── Exercise inputs

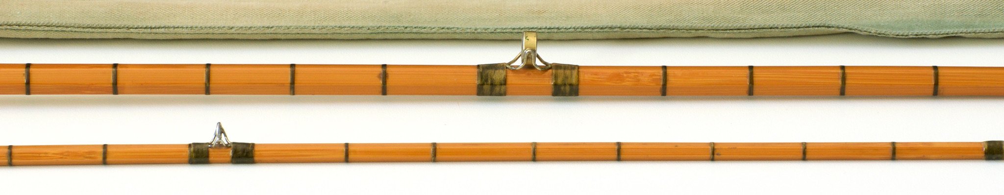 For sale here is a Hardy CC DeFrance bamboo fly rod made in 1955. Weighs 5 oz. 9 feet in length, two sections with one tip, as was typical with the CC DeFrance rods. Serial H608. Medium blonde cane, agate stripper, oxidized brass ferrules, cigar grip, bright aluminum cap and ring over cork, dark olive silks with full intermediates, ferrule plug. The rod is in very good original condition. Medium action for a 6-7 weight line. The ferrules are size 17/64. All sections are full-length and reasonably straight. Comes with its original labeled bag and an aftermarket leather tube.
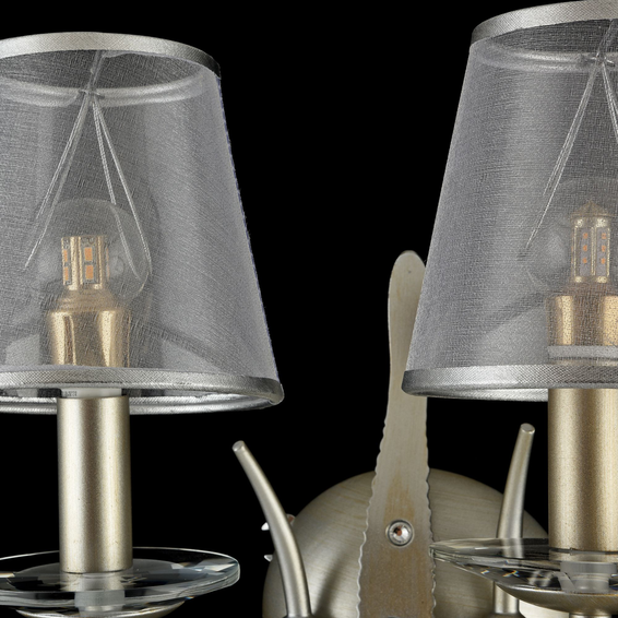 Благодаря полупрозрачным абажурам из органзы и затейливо изогнутой арматуре серебристо-коричневого цвета светильники смотрятся воздушными и невесомыми.
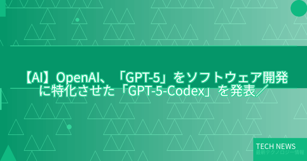 【AI】OpenAI、「GPT‑5」をソフトウェア開発に特化させた「GPT‑5-Codex」を発表/
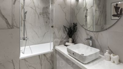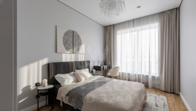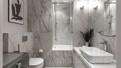 Спальня в светло-серых тонах — укромная и тихая. Закрываете плотные шторы — и мегаполис на паузе. Ванная в белом мраморе — ещё один уголок тишины, чтобы стереть заботы дня.
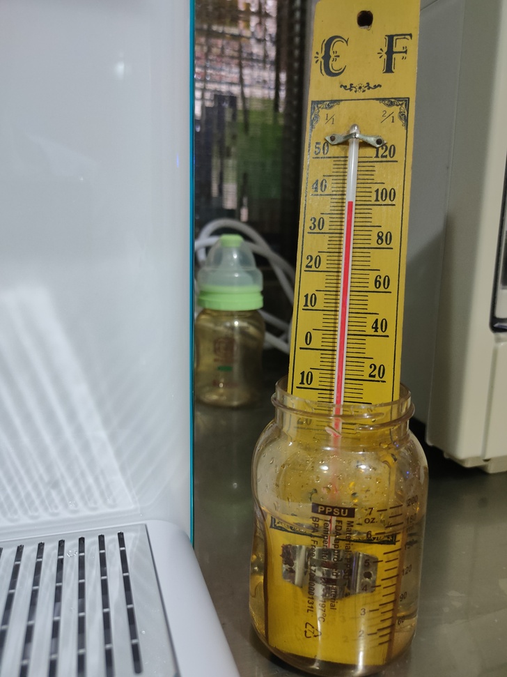 ▲接著來極限測試一下,立馬換上泡奶模式來杯40度C的泡奶水,經過18度C考驗後的溫度計,立刻升至約38度C,看來不止水量可以,溫度也是很OK。有嫩嬰的家庭都知道,醫生建議泡奶溫度是70度C,可以有2次殺菌的效果,WD601除了70度C外,為何還會有40度C呢?主要考量當嫩嬰逐漸長大,免疫抵抗力愈漸提高,奶粉開始加入添加物,而有些不適合高溫(如益生菌),這時就會建議使用40度C的溫度,避免把這些添加物殺光了。當然,使用前,建議還是先詢問過醫師,看自已的小孩適不適合喔。若是大人泡奶就沒個疑慮了。

────

Work instruction:
Leave the images behind and write out every entry exactly.

Task result:
 For sale here is a Hardy CC DeFrance bamboo fly rod made in 1955. Weighs 5 oz. 9 feet in length, two sections with one tip, as was typical with the CC DeFrance rods. Serial H608. Medium blonde cane, agate stripper, oxidized brass ferrules, cigar grip, bright aluminum cap and ring over cork, dark olive silks with full intermediates, ferrule plug. The rod is in very good original condition. Medium action for a 6-7 weight line. The ferrules are size 17/64. All sections are full-length and reasonably straight. Comes with its original labeled bag and an aftermarket leather tube.
 Благодаря полупрозрачным абажурам из органзы и затейливо изогнутой арматуре серебристо-коричневого цвета светильники смотрятся воздушными и невесомыми.
 【AI】OpenAI、「GPT‑5」をソフトウェア開発に特化させた「GPT‑5-Codex」を発表/
 Спальня в светло-серых тонах — укромная и тихая. Закрываете плотные шторы — и мегаполис на паузе. Ванная в белом мраморе — ещё один уголок тишины, чтобы стереть заботы дня.
 ▲接著來極限測試一下,立馬換上泡奶模式來杯40度C的泡奶水,經過18度C考驗後的溫度計,立刻升至約38度C,看來不止水量可以,溫度也是很OK。有嫩嬰的家庭都知道,醫生建議泡奶溫度是70度C,可以有2次殺菌的效果,WD601除了70度C外,為何還會有40度C呢?主要考量當嫩嬰逐漸長大,免疫抵抗力愈漸提高,奶粉開始加入添加物,而有些不適合高溫(如益生菌),這時就會建議使用40度C的溫度,避免把這些添加物殺光了。當然,使用前,建議還是先詢問過醫師,看自已的小孩適不適合喔。若是大人泡奶就沒個疑慮了。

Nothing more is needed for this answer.